启动微调任务，以默认配置2机16卡为例，按照以下步骤启动：

step 1. 首先参考在每台机器上运行mindformers/tools/hccl_tools.py生成RANK_TABLE_FILE的json文件。

# 在每个机器上运行如下命令，生成各自的RANK_TABLE_FILE的json文件。
python ./mindformers/tools/hccl_tools.py --device_num [0,8]

step 2. 合并每台机器上生成的RANK_TABLE_FILE。

将不同机器上生成的RANK_TABLE_FILE文件拷贝到一起，执行merge_hccl.py脚本进行合并，包括server_list合并，server_count设为机器数，rank_id顺序增加。

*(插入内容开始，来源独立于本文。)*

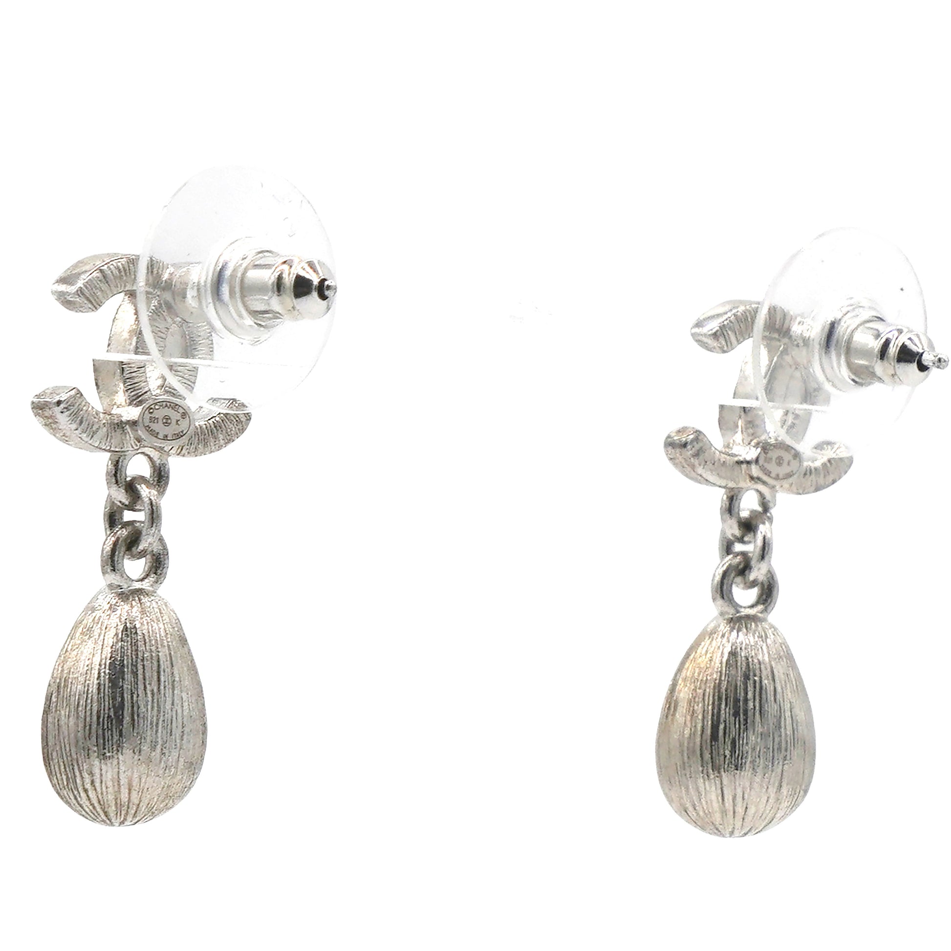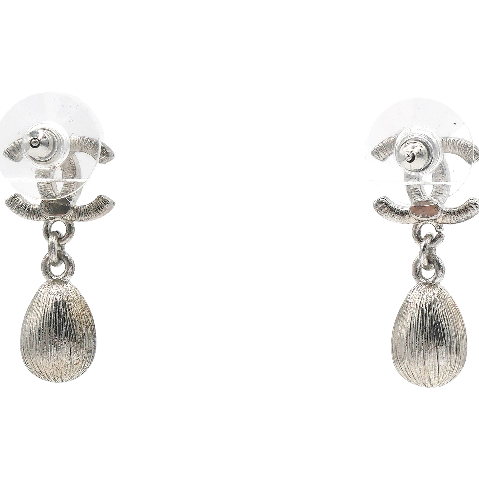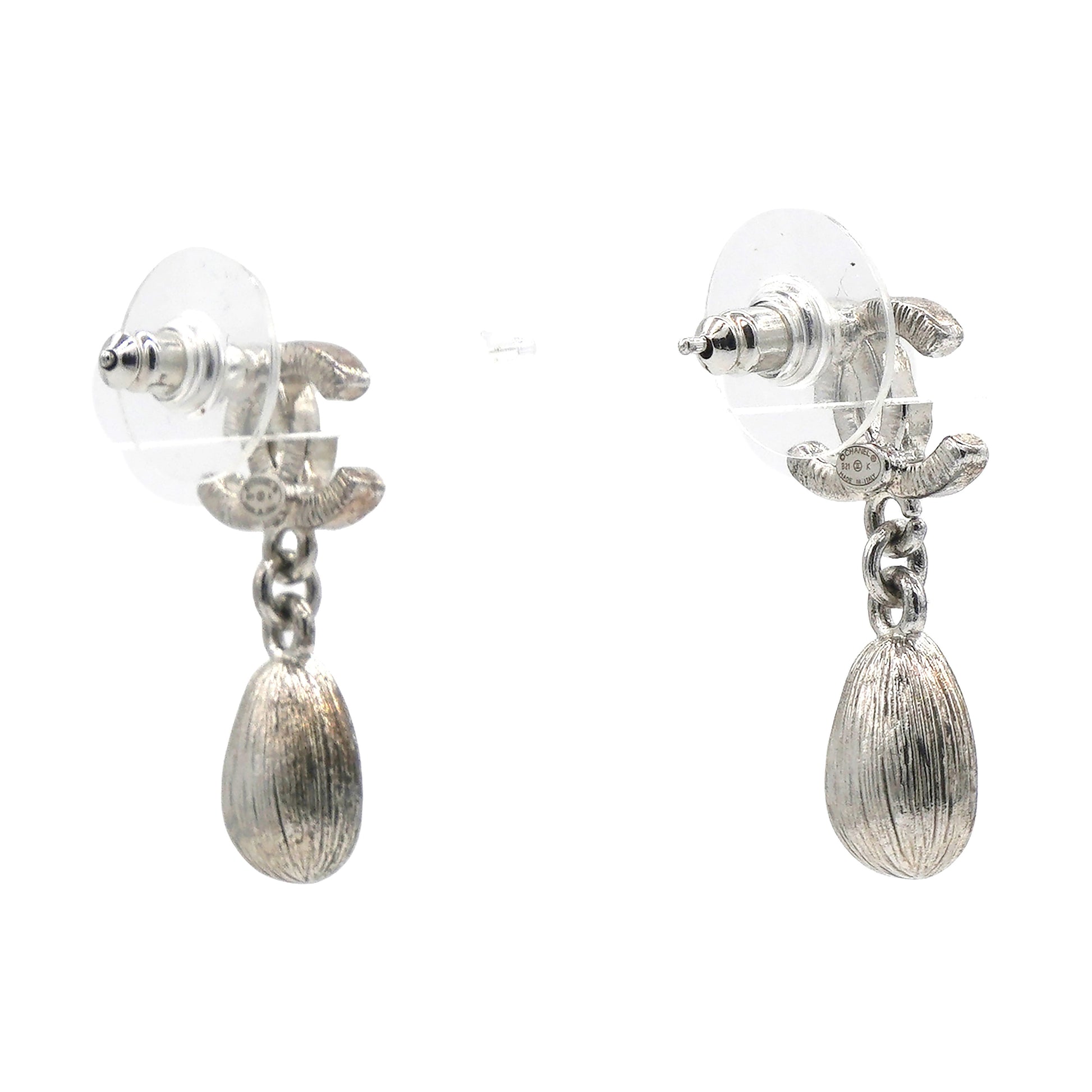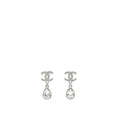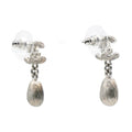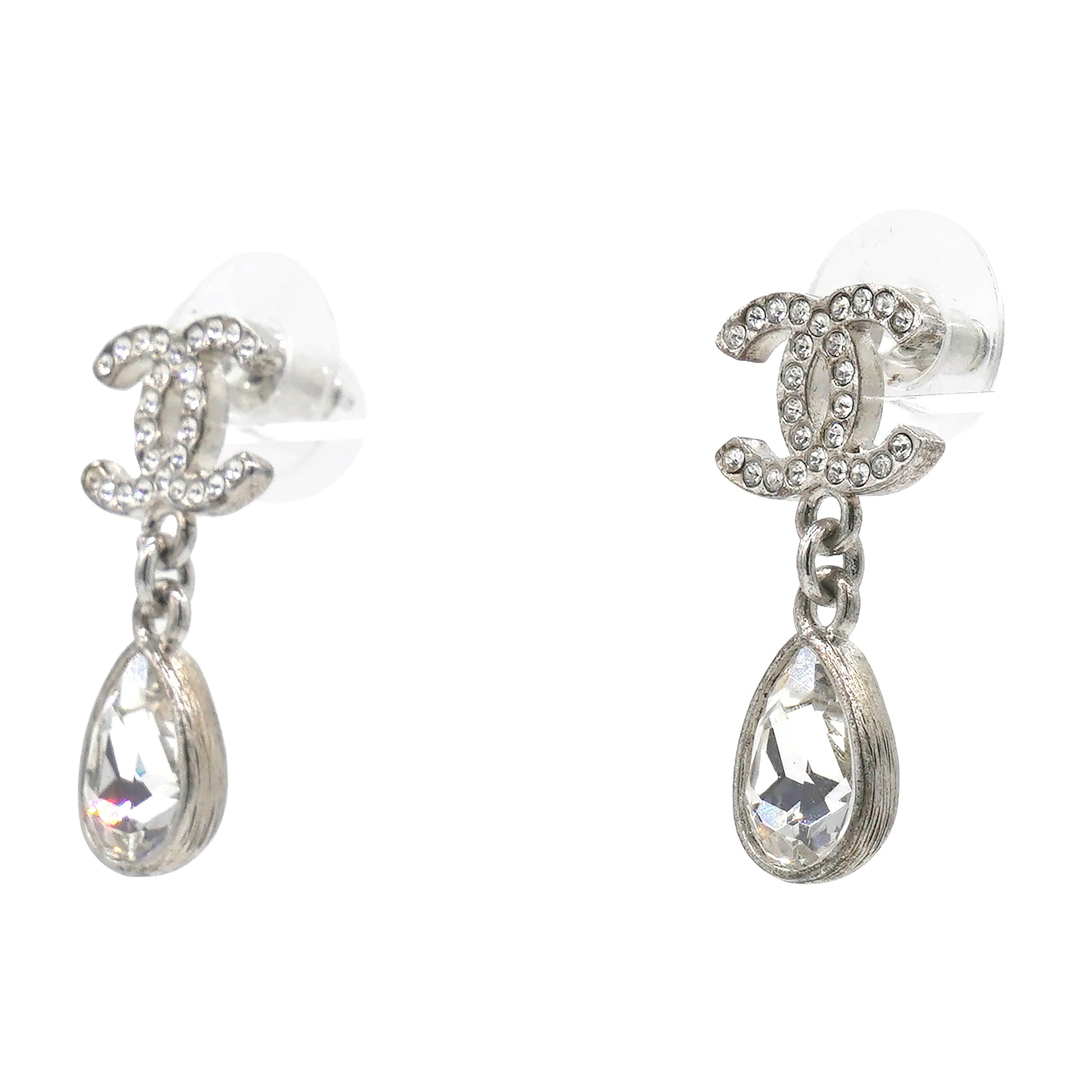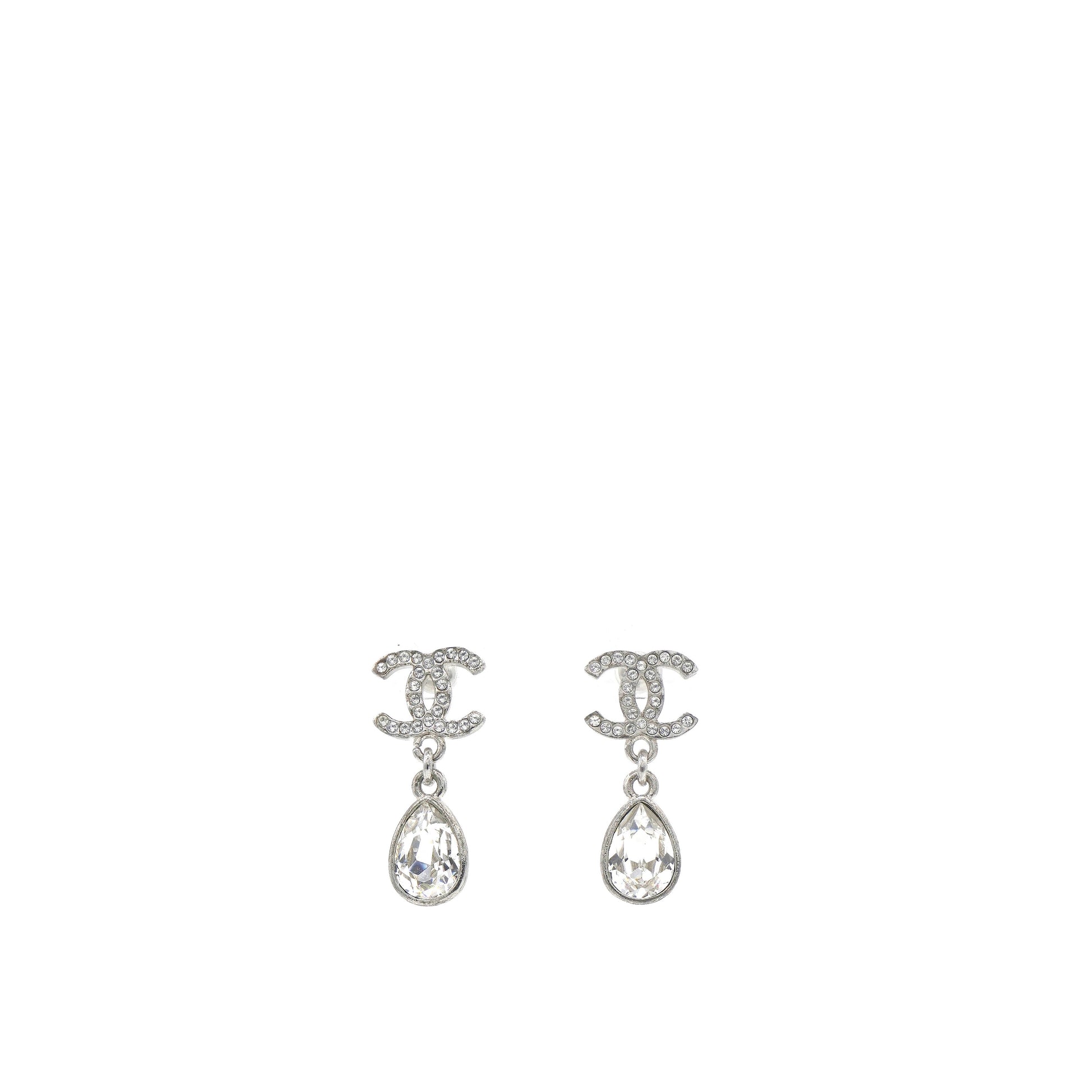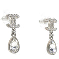 Chanel Silver Metal and Crystal CC Teardrop Earrings

# 运行如下命令，合并每个机器上的RANK_TABLE_FILE文件。
python ./mindformers/tools/merge_hccl.py hccl*.json

step 3. 将合并后的RANK_TABLE_FILE文件拷贝到所有机器中，保证不同机器上的RANK_TABLE_FILE相同。
step 4. 根据服务器节点数等信息，修改相应的配置。

# 以baichuan2-7B模型两机训练为例，默认配置2机16卡，如果节点数有变，需要修改相应的配置。
# 配置文件路径：./research/baichuan2/run_baichuan2_7b.yaml
parallel_config:
  data_parallel: 2
  model_parallel: 4
  pipeline_stage: 2
  optimizer_shard: True
  micro_batch_num: 8
  vocab_emb_dp: True
  gradient_aggregation_group: 4

step 5. 执行运行脚本。

在多机上同时拉起任务，每台机器拉起方式如下。

# node 1
cd mindformers/research
bash run_multinode.sh \
"python baichuan2/run_baichuan2.py \
--config baichuan2/run_baichuan2_7b.yaml \
--load_checkpoint path/to/baichuan2_7b_ckpt \
--auto_trans_ckpt True \
--use_parallel True \
--run_mode finetune \
--train_data path/to/mindrecord_dir" \
path/to/rank_table_file [0,8] 16

# node 2
cd mindformers/research
bash run_multinode.sh \
"python baichuan2/run_baichuan2.py \
--config baichuan2/run_baichuan2_7b.yaml \
--load_checkpoint path/to/baichuan2_7b_ckpt \
--auto_trans_ckpt True \
--use_parallel True \
--run_mode finetune \
--train_data path/to/mindrecord_dir" \
path/to/rank_table_file [8,16] 16

# 参数说明
config: 配置文件路径
load_checkpoint: 权重文件夹路径
auto_trans_ckpt: 是否进行权重自动切分
run_mode: 运行模式，微调时设置为finetune
train_data: 训练数据集路径

baichuan2-13B¶

需开发者提前pip安装。具体接口说明请参考API接口。

请根据权重准备章节获取baichuan2_13B的完整权重。

快速使用¶

Baichuan2-13B的高阶接口使用脚本已集成在run_baichuan2.py脚本中

910A¶

注1：Baichuan2-13B-Chat用于推理，seq_length默认为512，推理需要2卡，不支持单卡推理。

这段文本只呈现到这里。